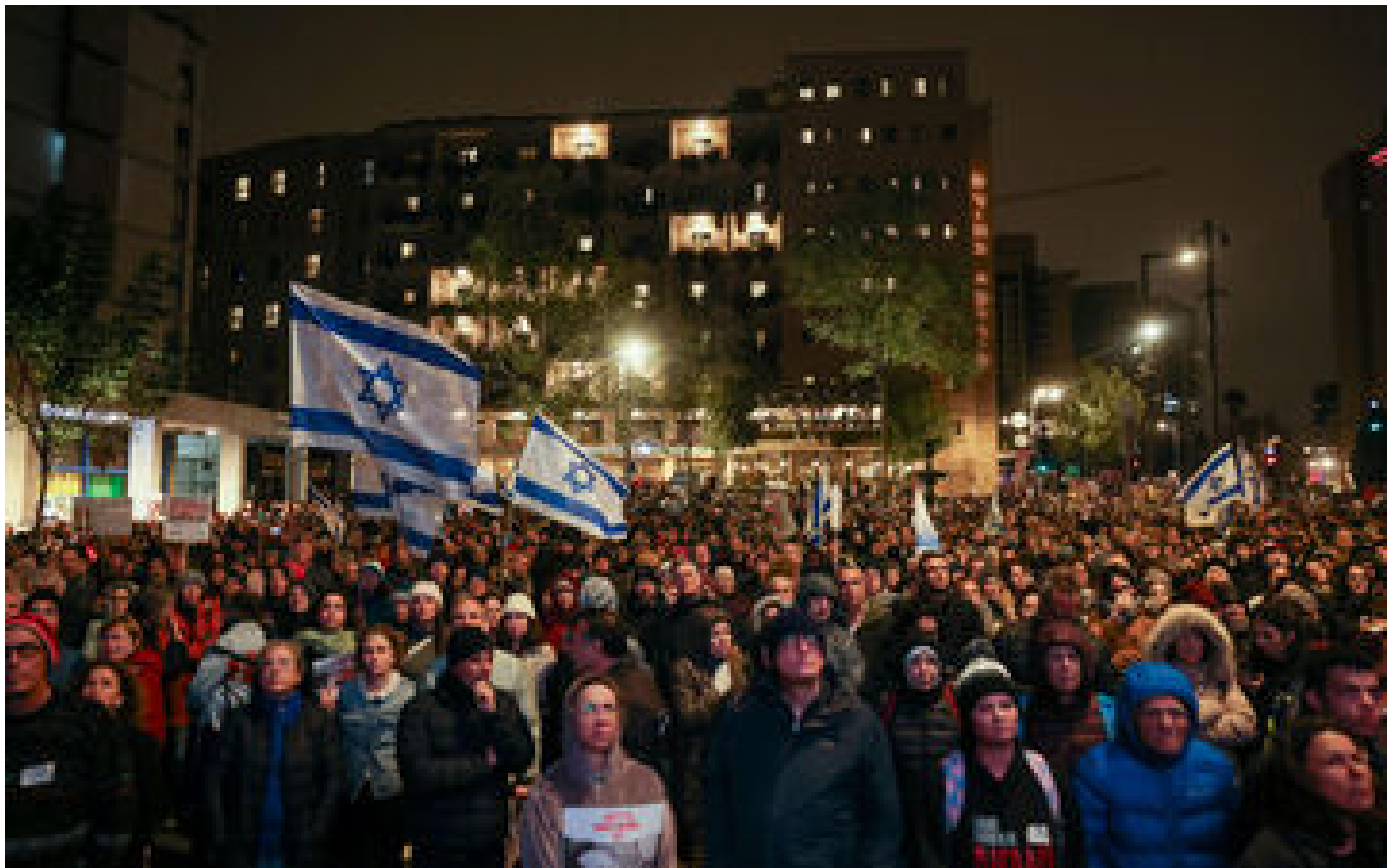
« Ramenez-les à la maison maintenant » : une marche pour réclamer la libération des otages retenus Gaza arrivée à Jérusalem
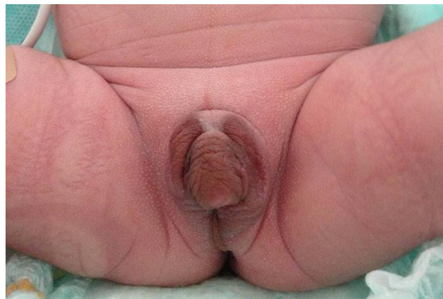
Figura 1 Genitales ambiguos al nacimiento.

Ante el hallazgo de un recién nacido con genitales ambiguos y una estructura compatible con útero en ecografía de urgencia, el diagnóstico más probable es una virilización de una mujer 46 XX, siendo la causa más frecuente la hiperplasia suprarrenal congénita por el déficit de 21-hidroxilasa. Al demostrarse un sexo genético 46 XY, el trastorno de la diferenciación sexual 46 XY es más complejo de filiar 2 . El estudio del gen SRY, principal gen implicado
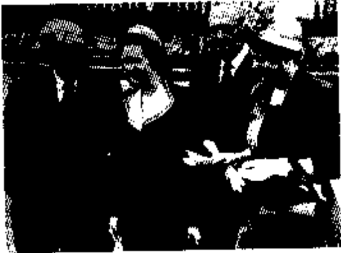
ပထမဆုံးလွှတ်တော်တက်သည့်နေ့၊ ဝါရင့်နိုင်ငံရေးသမားကြီးများက ကြိုဆိုခဲ့ကြသည်။ ၁၉၅၉

____________________

Output the data above without changes, apart from leaving out the pictures.

Exercise response ::
« Ramenez-les à la maison maintenant » : une marche pour réclamer la libération des otages retenus Gaza arrivée à Jérusalem
Figura 1 Genitales ambiguos al nacimiento.

Ante el hallazgo de un recién nacido con genitales ambiguos y una estructura compatible con útero en ecografía de urgencia, el diagnóstico más probable es una virilización de una mujer 46 XX, siendo la causa más frecuente la hiperplasia suprarrenal congénita por el déficit de 21-hidroxilasa. Al demostrarse un sexo genético 46 XY, el trastorno de la diferenciación sexual 46 XY es más complejo de filiar 2 . El estudio del gen SRY, principal gen implicado
ပထမဆုံးလွှတ်တော်တက်သည့်နေ့၊ ဝါရင့်နိုင်ငံရေးသမားကြီးများက ကြိုဆိုခဲ့ကြသည်။ ၁၉၅၉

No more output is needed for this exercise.